The chapter shows that the government and society have abandoned its people, technological improvements and the riches from these improvements have mainly benefited the upper classes, a problem which the chapters, Legit.gov and Cash & Care, attempt to dismantle through advocating for government welfare schemes such as a standardised UBI. Such a scheme could drastically improve the quality of life for many individuals, poorer households will have enough cash to buy their children new clothes, which, in our modern world, are essential for a child to be properly socialised. At the same time, families with older children will be able to send their kids to University to increase social mobility. Young adults will be able to use this income on side projects and ventures they truly care about.


Yet there are supposed downsides to a UBI, for one, it is said that universal cash transfers could make people lazy, after all, why would you work if you already have money? Well, the truth is that people don’t just work for money, people find meaning in their work, it provides the structure with their lives, to evidence that UBI has little to no effect on unemployment, we can look at the US’ Alaska Permanent Fund, which, since 1982, has been given each Alaskan citizen $2000 per year and seems to have no effect on employment. However, the big issue with UBI is the fiscal cost. A UBI in America which would pay each American $1000 each month would approximately cost $3.9 trillion a year, which is the entire Federal Budget. Yet, a different UBI which gives more cash to poorer individuals could cost a more affordable $1.95 trillion dollars, but that would still require some severe changes in the American budget, especially when it comes to cutting spending for other welfare measures, the armed forces and maybe education.
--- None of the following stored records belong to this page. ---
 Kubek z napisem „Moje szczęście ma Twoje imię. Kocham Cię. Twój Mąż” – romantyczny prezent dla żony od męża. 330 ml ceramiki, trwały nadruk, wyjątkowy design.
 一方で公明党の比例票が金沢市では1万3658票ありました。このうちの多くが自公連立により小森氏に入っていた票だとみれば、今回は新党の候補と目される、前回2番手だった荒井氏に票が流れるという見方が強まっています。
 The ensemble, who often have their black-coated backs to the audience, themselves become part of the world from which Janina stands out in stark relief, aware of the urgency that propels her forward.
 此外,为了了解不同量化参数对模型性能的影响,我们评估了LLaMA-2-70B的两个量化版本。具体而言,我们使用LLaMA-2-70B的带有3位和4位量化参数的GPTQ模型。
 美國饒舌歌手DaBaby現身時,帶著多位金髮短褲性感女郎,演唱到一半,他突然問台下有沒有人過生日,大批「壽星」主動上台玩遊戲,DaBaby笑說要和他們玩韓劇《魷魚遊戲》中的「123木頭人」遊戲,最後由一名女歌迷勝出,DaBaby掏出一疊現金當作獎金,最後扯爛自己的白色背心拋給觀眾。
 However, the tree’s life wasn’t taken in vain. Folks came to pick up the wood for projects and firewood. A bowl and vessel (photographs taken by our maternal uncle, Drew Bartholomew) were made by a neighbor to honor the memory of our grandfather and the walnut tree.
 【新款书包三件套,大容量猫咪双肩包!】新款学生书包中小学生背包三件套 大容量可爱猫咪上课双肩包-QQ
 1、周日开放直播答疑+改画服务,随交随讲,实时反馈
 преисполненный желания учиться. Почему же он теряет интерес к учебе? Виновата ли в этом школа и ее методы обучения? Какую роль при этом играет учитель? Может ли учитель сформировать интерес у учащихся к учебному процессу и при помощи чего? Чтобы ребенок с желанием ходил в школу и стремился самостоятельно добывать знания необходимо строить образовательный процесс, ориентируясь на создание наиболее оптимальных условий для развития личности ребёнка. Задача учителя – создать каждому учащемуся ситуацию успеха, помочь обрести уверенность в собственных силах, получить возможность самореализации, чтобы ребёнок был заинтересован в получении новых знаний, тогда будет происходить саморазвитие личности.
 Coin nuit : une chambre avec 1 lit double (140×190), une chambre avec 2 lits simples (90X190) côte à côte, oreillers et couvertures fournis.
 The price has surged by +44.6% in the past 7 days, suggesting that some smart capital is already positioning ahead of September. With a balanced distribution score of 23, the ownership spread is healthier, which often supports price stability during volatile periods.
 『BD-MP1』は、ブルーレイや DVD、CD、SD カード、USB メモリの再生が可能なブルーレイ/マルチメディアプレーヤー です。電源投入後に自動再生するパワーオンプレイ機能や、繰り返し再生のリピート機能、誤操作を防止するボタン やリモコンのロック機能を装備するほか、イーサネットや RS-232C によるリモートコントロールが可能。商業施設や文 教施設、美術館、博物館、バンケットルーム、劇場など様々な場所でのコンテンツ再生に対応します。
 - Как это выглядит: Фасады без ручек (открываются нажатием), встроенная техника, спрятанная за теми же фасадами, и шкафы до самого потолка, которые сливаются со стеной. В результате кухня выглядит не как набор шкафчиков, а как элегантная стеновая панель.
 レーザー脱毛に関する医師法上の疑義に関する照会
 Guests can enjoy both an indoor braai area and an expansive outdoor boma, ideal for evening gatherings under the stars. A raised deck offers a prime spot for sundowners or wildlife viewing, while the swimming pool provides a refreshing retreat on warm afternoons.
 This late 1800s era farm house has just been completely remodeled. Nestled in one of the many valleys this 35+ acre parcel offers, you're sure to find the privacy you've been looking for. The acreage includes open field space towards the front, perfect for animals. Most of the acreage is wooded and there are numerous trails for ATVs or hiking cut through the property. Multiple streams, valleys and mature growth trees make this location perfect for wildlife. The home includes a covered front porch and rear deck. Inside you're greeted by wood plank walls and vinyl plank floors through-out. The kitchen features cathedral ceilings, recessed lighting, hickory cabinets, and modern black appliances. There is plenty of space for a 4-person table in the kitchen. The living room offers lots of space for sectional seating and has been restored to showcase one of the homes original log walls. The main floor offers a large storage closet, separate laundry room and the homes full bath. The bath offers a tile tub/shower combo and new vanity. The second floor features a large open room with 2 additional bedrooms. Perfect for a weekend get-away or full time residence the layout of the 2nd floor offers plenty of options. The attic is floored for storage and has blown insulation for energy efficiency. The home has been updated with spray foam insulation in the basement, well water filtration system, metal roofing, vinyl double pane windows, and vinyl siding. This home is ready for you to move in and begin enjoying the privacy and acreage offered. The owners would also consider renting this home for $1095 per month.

Overall, Good Economics For Hard Times is truly a great read for anybody interested in Economics, the previously mentioned chapters flow brilliantly and Esther Duflo’s, as well as Abhijit V.Banjerjee’s willingness to challenge established economic presumptions, allows us to further delve into Economics as a science. Through asking more questions, we can find new answers to big problems, and in the process, we can potentially fix previous, so-called, Bad Economics and in its place, establish a new type of Economics, one which makes room for a much more humane and sustainable world.